El medicamento solo se puede obtener con receta médica.
¿Cómo usar Savene?
Savene debe utilizarse bajo la supervisión de un médico con experiencia en el uso de medicamentos contra el cáncer.
El medicamento se administra como una infusión en dosis calculadas en función de la superficie corporal del paciente. La primera infusión (1 000 mg / m2) se administra lo antes posible y, en cualquier caso, a más tardar seis horas después del evento. Se administran dos infusiones adicionales, respectivamente, el segundo (1, 000 mg / m2) y el tercer día (500 mg / m2), al mismo tiempo de la primera infusión. La infusión dura 1 o 2 horas y se realiza en un sitio diferente al afectado por la extravasación.
¿Cómo funciona Savene?
El ingrediente activo de Savene, el dexrazoxano, es un antídoto contra las antraciclinas. Sus modos de acción aún no se conocen completamente; sin embargo, se puede ver un vínculo con la forma de unirse al hierro presente en el cuerpo (quelación) y su efecto en algunas enzimas (topoisomerasa II). El dexrazoxano se ha utilizado como medicamento desde la década de 1990 en la prevención de la cardiomiopatía (enfermedad del músculo cardíaco), en asociación con las antraciclinas.
¿Qué estudios se han llevado a cabo en Savene?
Los efectos de Savene han sido analizados en modelos experimentales antes de ser estudiados en humanos.
Se realizaron dos estudios sobre la eficacia de Savene, con un total de 80 pacientes con extravasación debido a antraciclinas como la epirubicina o la doxorrubicina. Savene no se ha comparado con otro medicamento (estudios no controlados). Los estudios registraron el número de pacientes para los que fue necesario recurrir a la cirugía para reparar el daño causado por la extravasación.
¿Qué beneficio ha demostrado tener Savene durante los estudios?
Entre los 54 sujetos en los que el medicamento fue efectivo, hubo un paciente que informó daño tisular que requirió cirugía.
¿Cuáles son los riesgos asociados con Savene?
Los efectos secundarios más comunes con Savene (observados en más de 1 de cada 10 pacientes) son náuseas, dolor e infección en el lugar de la inyección. El paciente puede presentar una reducción en los glóbulos blancos y en los glóbulos rojos, en parte debido a la quimioterapia y en parte a Savene, ya que el medicamento es citotóxico (es decir, tiene un efecto nocivo en las células que se multiplican) y puede tener consecuencias a nivel de médula espinal. Por lo tanto, los pacientes deben ser monitoreados antes, durante y después del tratamiento. Para ver la lista completa de todos los efectos secundarios informados con Savene, consulte el prospecto.

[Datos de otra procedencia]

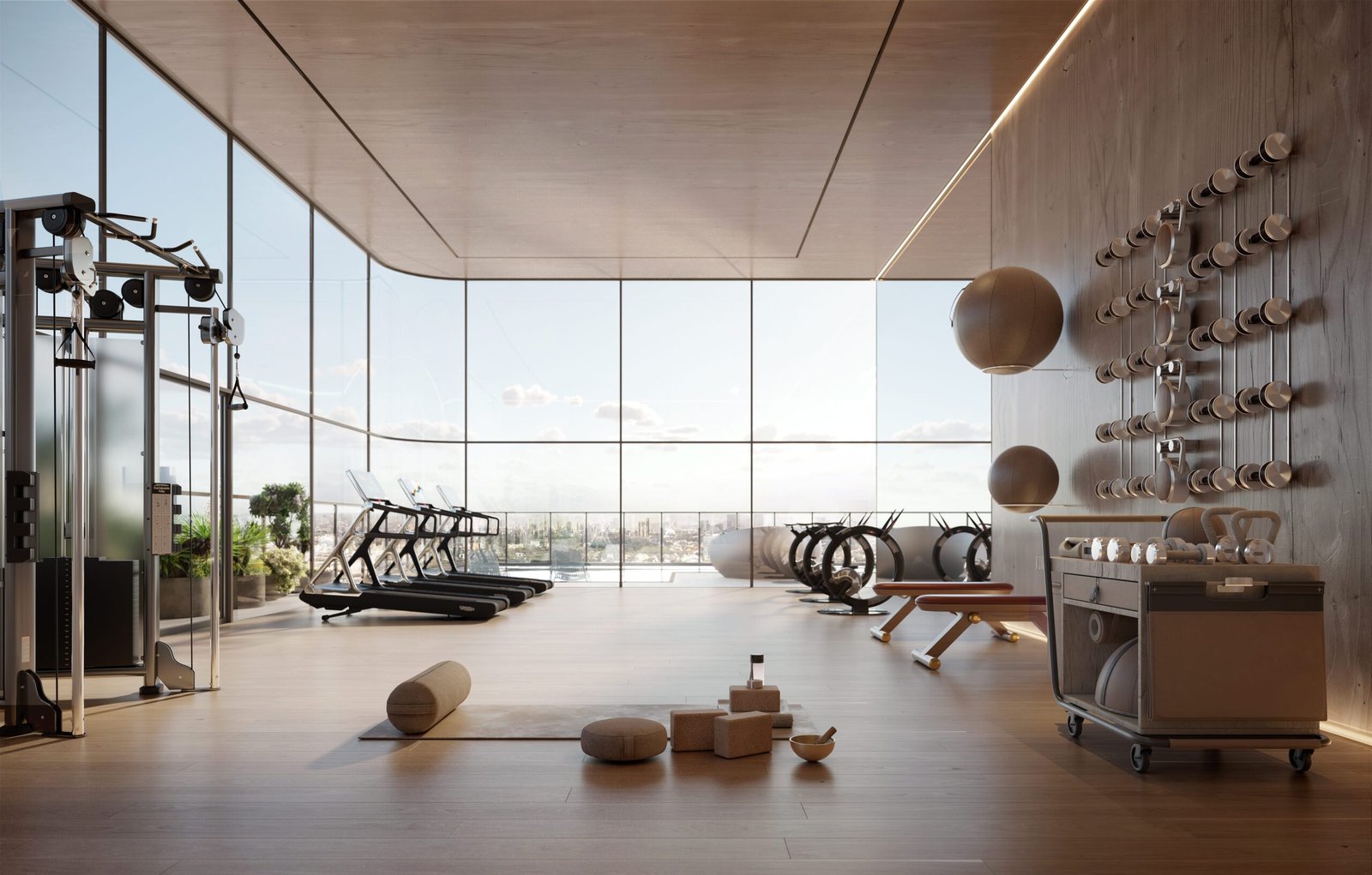 A fully equipped fitness center offers modern equipment for strength training, cardio, and wellness activities.

Savene no debe usarse en pacientes hipersensibles (alérgicos) al dexrazoxano o cualquiera de las otras sustancias, en mujeres en edad fértil que no usan anticonceptivos o que están amamantando, y en pacientes que reciben la vacuna contra la fiebre amarilla . Se necesita atención especial con Savene cuando se administran vacunas de virus vivos al paciente.
Una vez diluido, Savene contiene potasio y sodio: este hecho se debe tener en cuenta si el medicamento se administra a pacientes en los que la concentración en la sangre de estas sustancias debe mantenerse bajo control.
¿Por qué se ha aprobado Savene?
La extravasación de antraciclina es una condición que actualmente se puede tratar con diferentes métodos, pero para la cual no existe un tratamiento estándar autorizado. El Comité de Medicamentos de Uso Humano (CHMP) concluyó que Savene demostró ser eficaz en el tratamiento de la extravasación de antraciclina, lo que permite a los pacientes continuar con la quimioterapia. El CHMP decidió que los beneficios de Savene son mayores que sus riesgos y recomendó autorizar su comercialización para este medicamento.
Otras informaciones sobre Savene:
El 28 de julio de 2006, la Comisión Europea otorgó una autorización de comercialización válida en toda la Unión Europea para Savene a TopoTarget A / S.
El registro de Savene como medicamento huérfano está disponible aquí.
Para la versión completa de la evaluación de Savene (EPAR) haga clic aquí.
Última actualización de este resumen: 06-2006.